Any picture in the data below should be skipped, while every line is repeated exactly.

*Source material*
==================================================

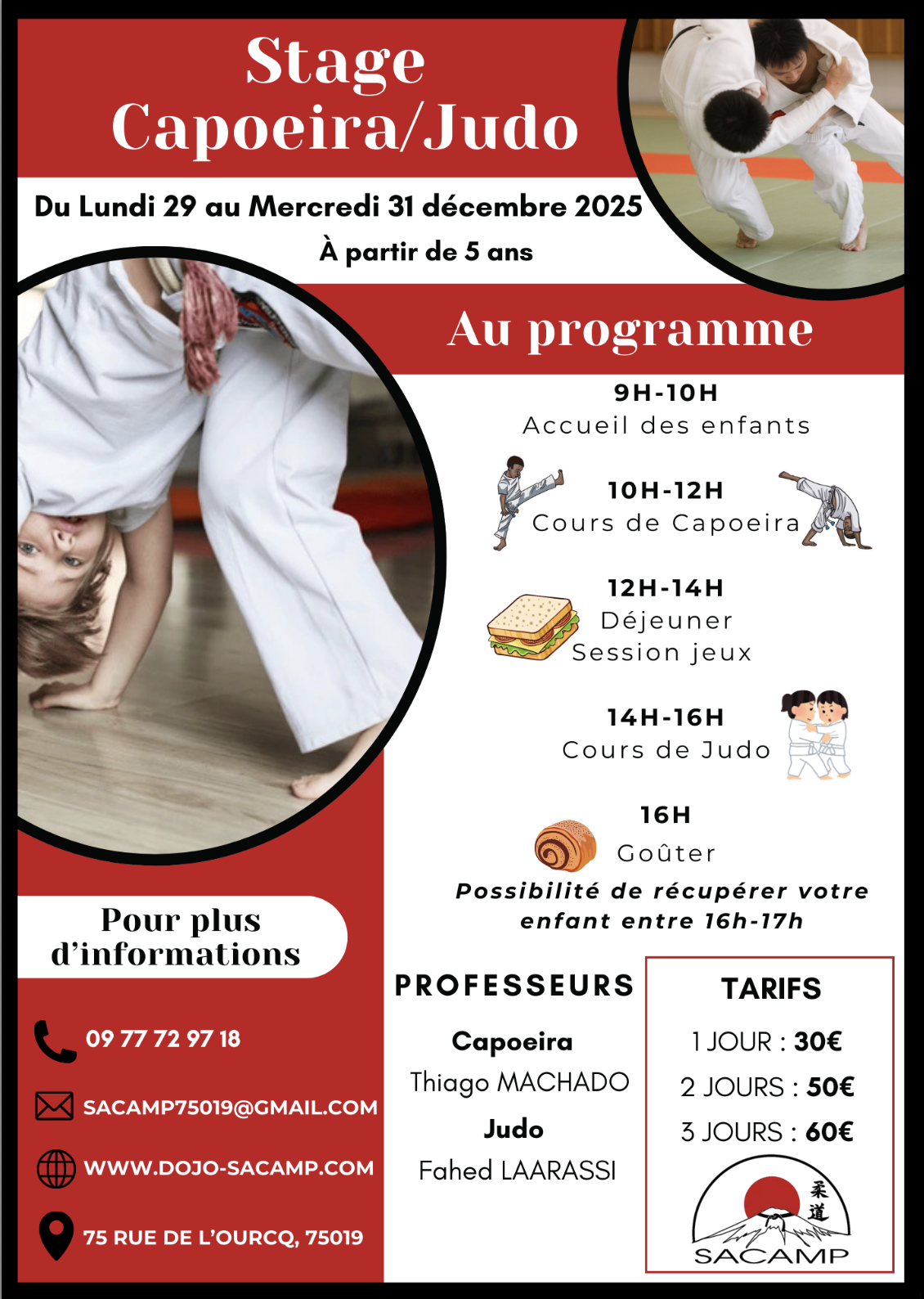 La Sacamp organise un stage de capoeira/judo du lundi 29 décembre au mercredi 31 décembre pour les enfants à partir de 5 ans.
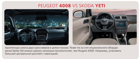Архитектура салона двух кроссоверов, в целом, похожа. Разве что за счет опционального оборудования Skoda Yeti можно сделать несколько технологичнее, чем Peugeot 4008. Например, установить большой центральный дисплей с навигацией.
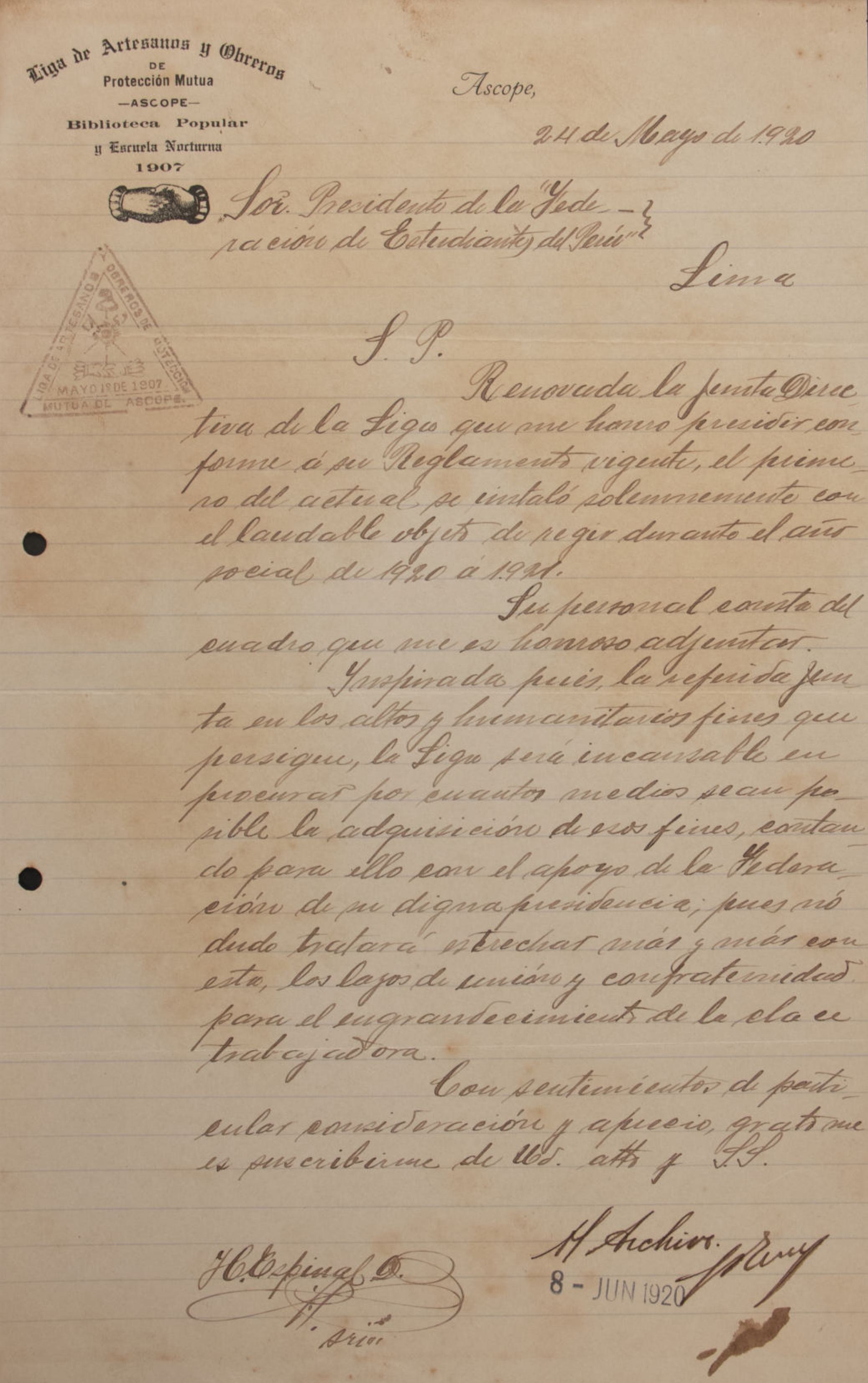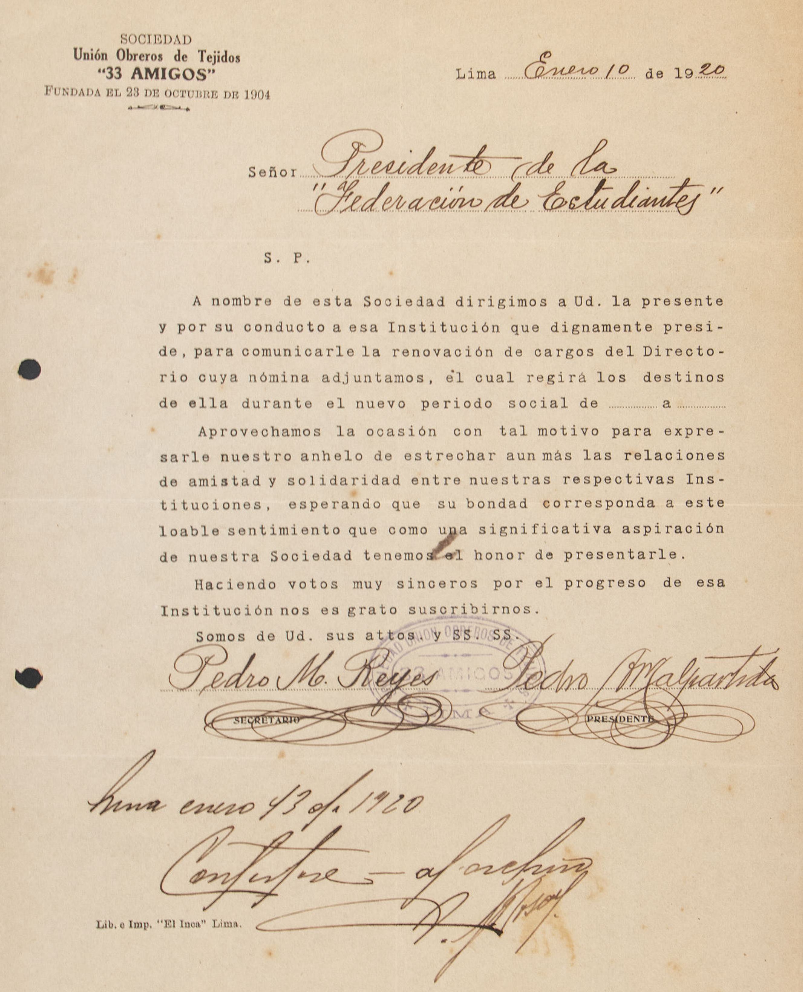 Carta dirigida al presidente de la Federación de Estudiantes del Perú el 14 de febrero de 1921, solicitando una licencia de treinta días debido a motivos de salud. El remitente solicita una pronta respuesta del comité respecto a la resolución de su solicitud.

==================================================

*Answer area*
 La Sacamp organise un stage de capoeira/judo du lundi 29 décembre au mercredi 31 décembre pour les enfants à partir de 5 ans.
Архитектура салона двух кроссоверов, в целом, похожа. Разве что за счет опционального оборудования Skoda Yeti можно сделать несколько технологичнее, чем Peugeot 4008. Например, установить большой центральный дисплей с навигацией.
 Carta dirigida al presidente de la Federación de Estudiantes del Perú el 14 de febrero de 1921, solicitando una licencia de treinta días debido a motivos de salud. El remitente solicita una pronta respuesta del comité respecto a la resolución de su solicitud.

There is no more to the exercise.